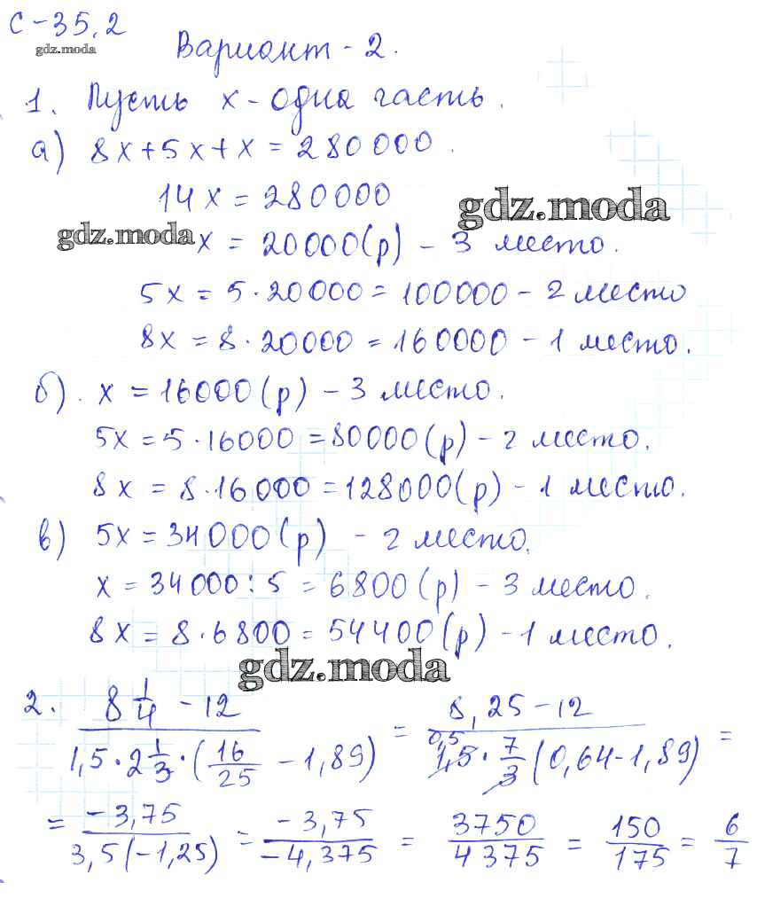 ГДЗ решение к заданию № 2 Математика 6 класс самостоятельные работы Зубарева И.И. Мнемозина 2020 ФГОС бесплатно на гдз.мода!
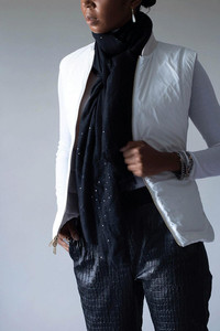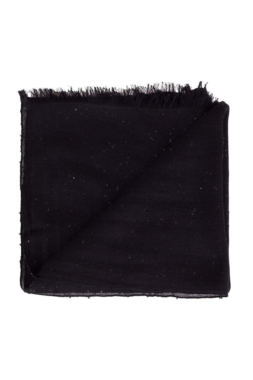 DETAILS AND INSIGHT This Brunello Cucinelli scarf offers just enough comfort and sophistication, featuring a hint of sparkle with scattered paillettes on a blend of soft luxurious cashmere and silk. 70% Cashmere, 30% Silk, Dry Clean Made in Italy, 84” L x 62” W Style MSCDVSW03-C101
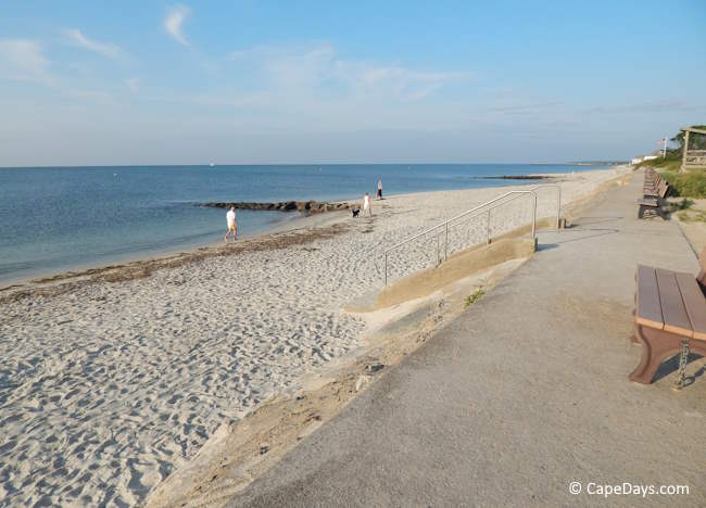 This is a great place to sit and watch the ferries, fishing boats and pleasure yachts cruising in and out of Hyannis Harbor. Children enjoy splashing in the water, playing on the swings, and climbing the small jungle-gym at this beach.
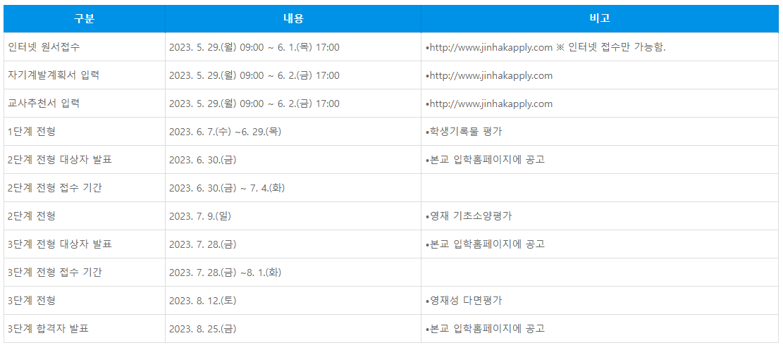 일정 체크 잘 하셔서 입학전형요강도 확인해 보세요.
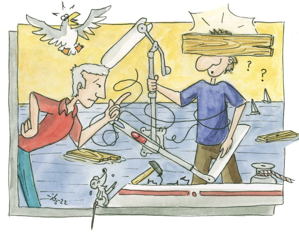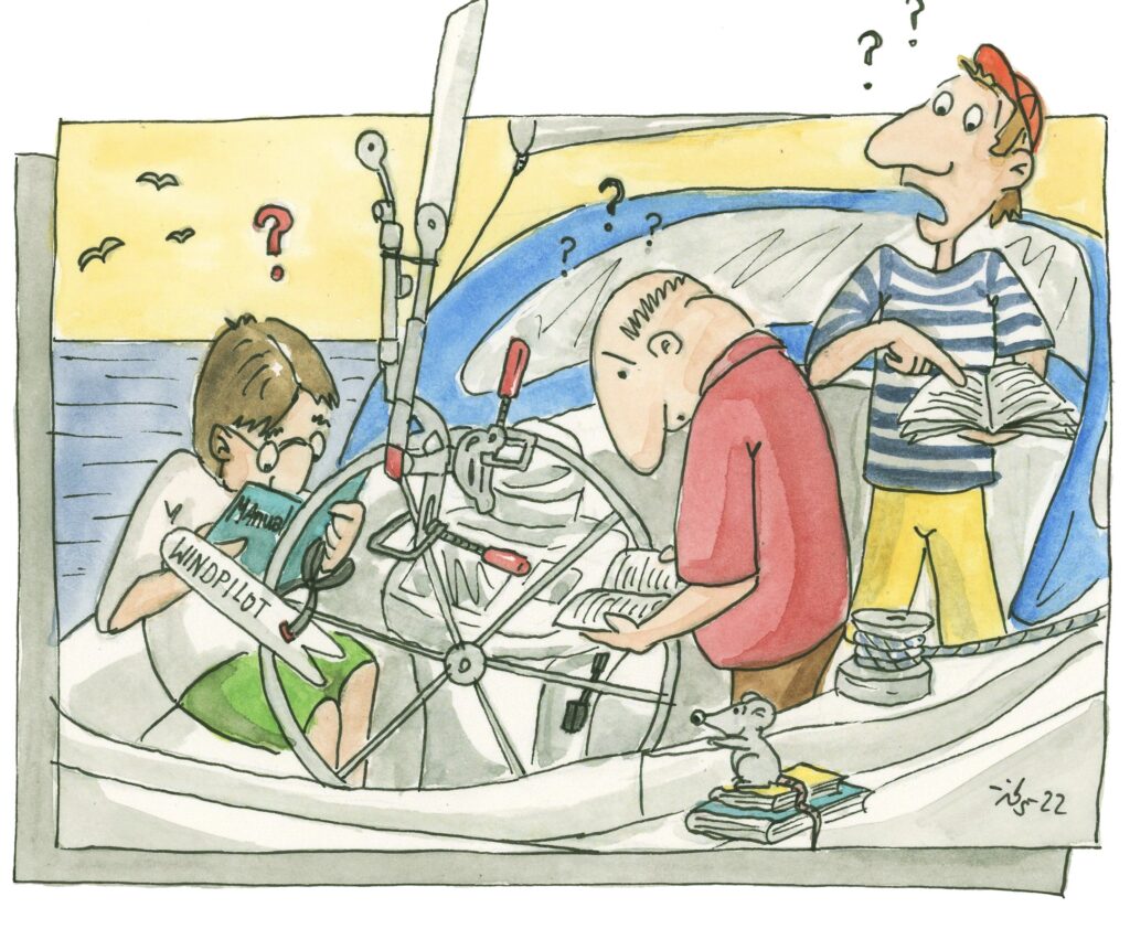 Umgesetzt mitten ins Wassermedium: es geht um Besserwisser, die anstelle der Lektüre des Manuals oder eines Fachbuches … ALLES BESSER WISSEN und darüber die Praxis vergessen … endlose Diskussionen führen, weil sie nicht an eine simple Mechanik glauben können / wollen.
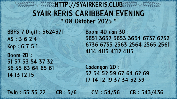 Prediksi Syair Keris Jitu Caribbean Evening Rabu, 08 Oktober 2025
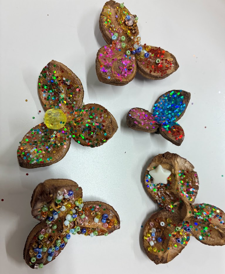 開いた椿の実に、ボンドを薄く延ばして、その上にラメやピーズを振りかけました。
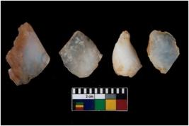 | Description / विवरण | There are n 4 of utilized worked cores. They show multidirectional irregular scar pattern. Three are tapering at one end and are elongated in shape. All are having sharp edges. |
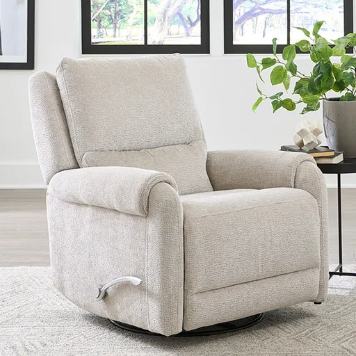 The Gentry recliner is designed for ultimate comfort and style, featuring a 360-degree swivel and a smooth, soundless glide, allowing you to effortlessly find your perfect position. Gentry has rounded curved arms generously wrapped in sumptuous padding and a one-finger manual recline pull that makes adjusting your seating position a breeze.
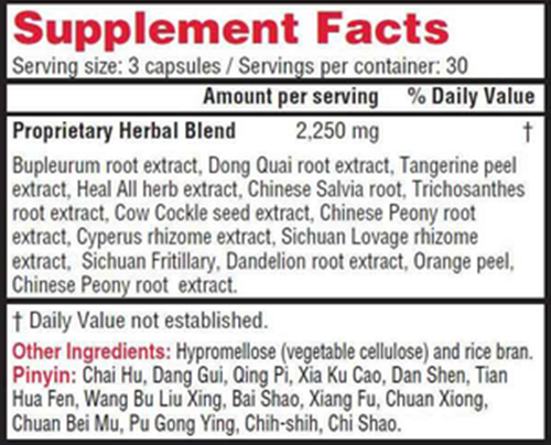 This formula contains bupleurum, dong quai, and other herbs that vitalize qi and support blood circulation. Helps to resolve heat and toxins.
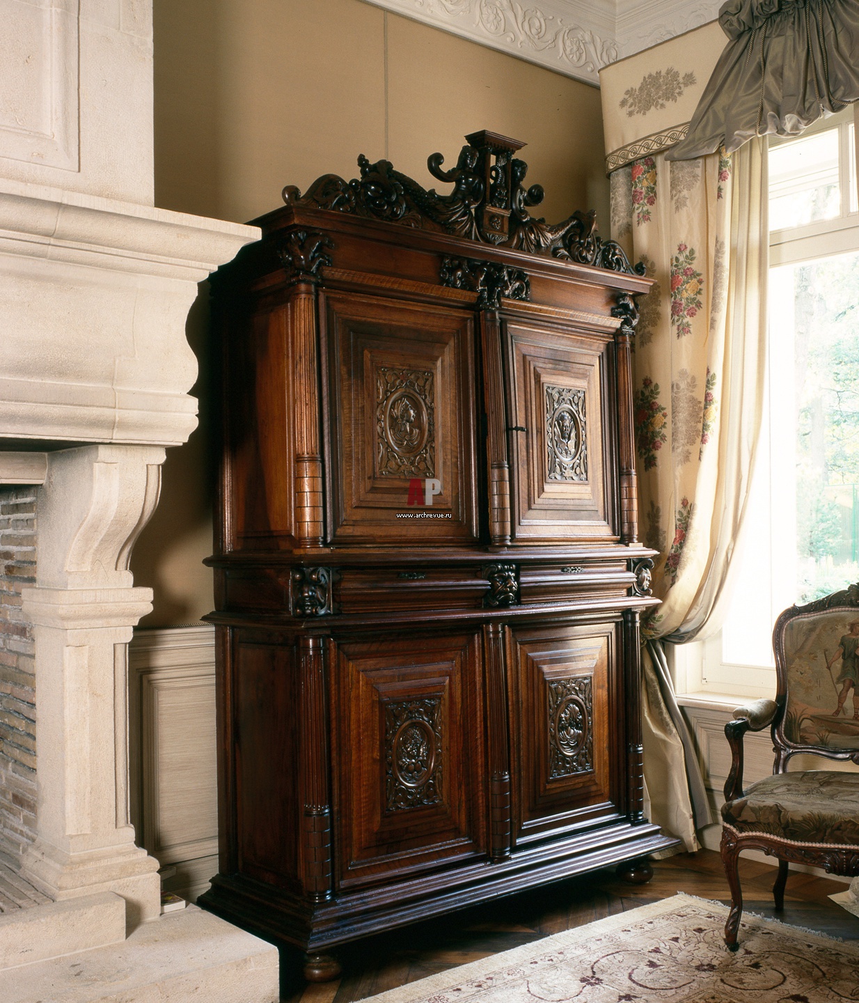 Украшение гостиной – флорентийский буфет начала XVII века – вещь редкая даже для своего времени. Объемная резьба на дверцах изображает аллегории континентов.

#####

Problem description => The lines to be extracted begin at the line containing "This formula contains" and continue through the final line of the material above, both ends included. Reproduce them exactly, without the pictures.

Answer box =>
 This formula contains bupleurum, dong quai, and other herbs that vitalize qi and support blood circulation. Helps to resolve heat and toxins.
 Украшение гостиной – флорентийский буфет начала XVII века – вещь редкая даже для своего времени. Объемная резьба на дверцах изображает аллегории континентов.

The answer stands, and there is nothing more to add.